[Available data Boundary: Start]
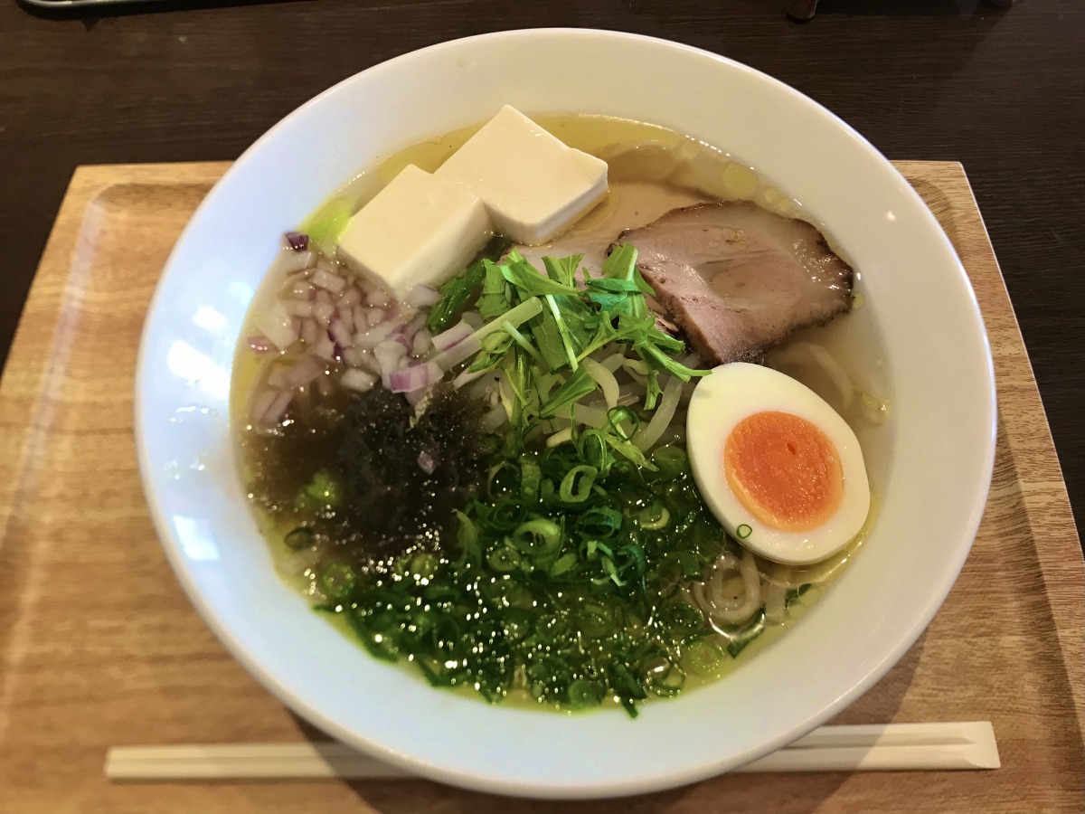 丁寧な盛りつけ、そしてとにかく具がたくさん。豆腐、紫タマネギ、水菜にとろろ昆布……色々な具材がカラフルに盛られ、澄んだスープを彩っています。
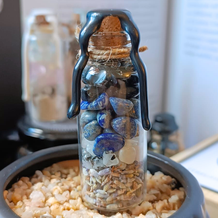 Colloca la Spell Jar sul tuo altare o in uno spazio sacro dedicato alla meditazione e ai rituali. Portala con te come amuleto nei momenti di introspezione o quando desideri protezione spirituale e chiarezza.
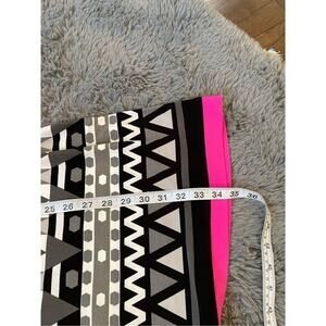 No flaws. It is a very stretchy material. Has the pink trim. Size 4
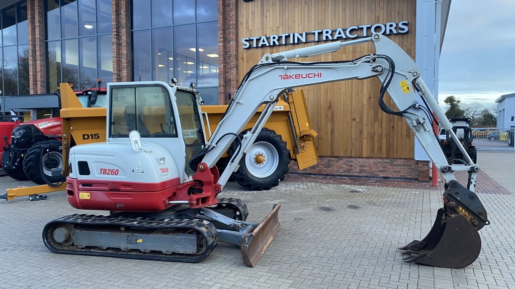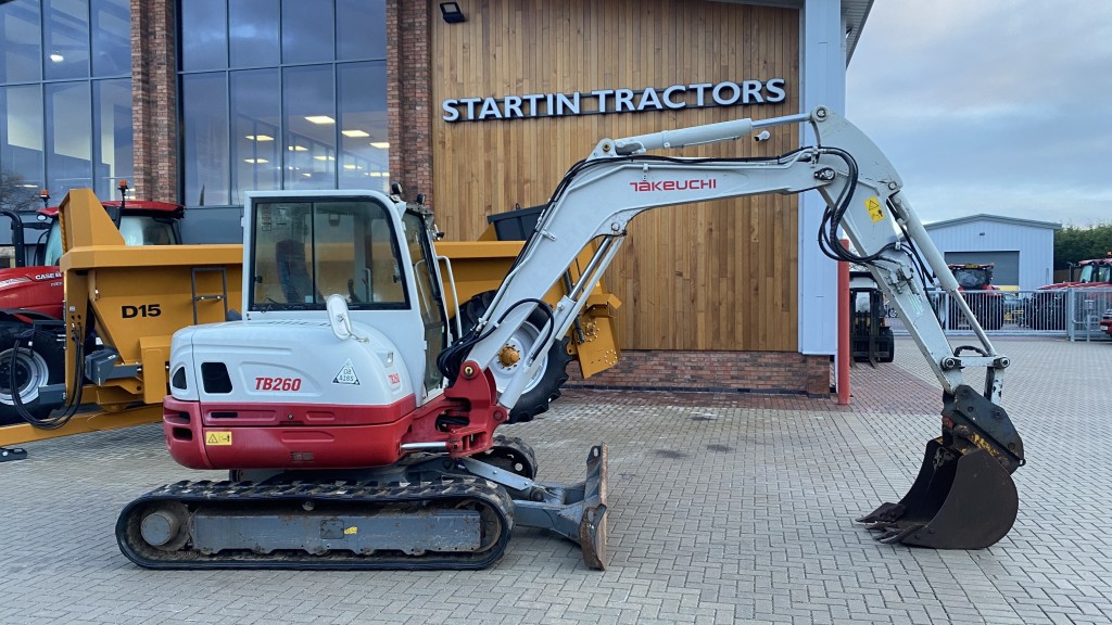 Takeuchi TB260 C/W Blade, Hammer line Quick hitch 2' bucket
[Available data Boundary: End]
#### [What you need to do]
Pictures stay out; reproduce exactly the lines from the one containing "Colloca la Spell" through the last line of the listing, both included.

#### [Completed exercise]
 Colloca la Spell Jar sul tuo altare o in uno spazio sacro dedicato alla meditazione e ai rituali. Portala con te come amuleto nei momenti di introspezione o quando desideri protezione spirituale e chiarezza.
 No flaws. It is a very stretchy material. Has the pink trim. Size 4
 Takeuchi TB260 C/W Blade, Hammer line Quick hitch 2' bucket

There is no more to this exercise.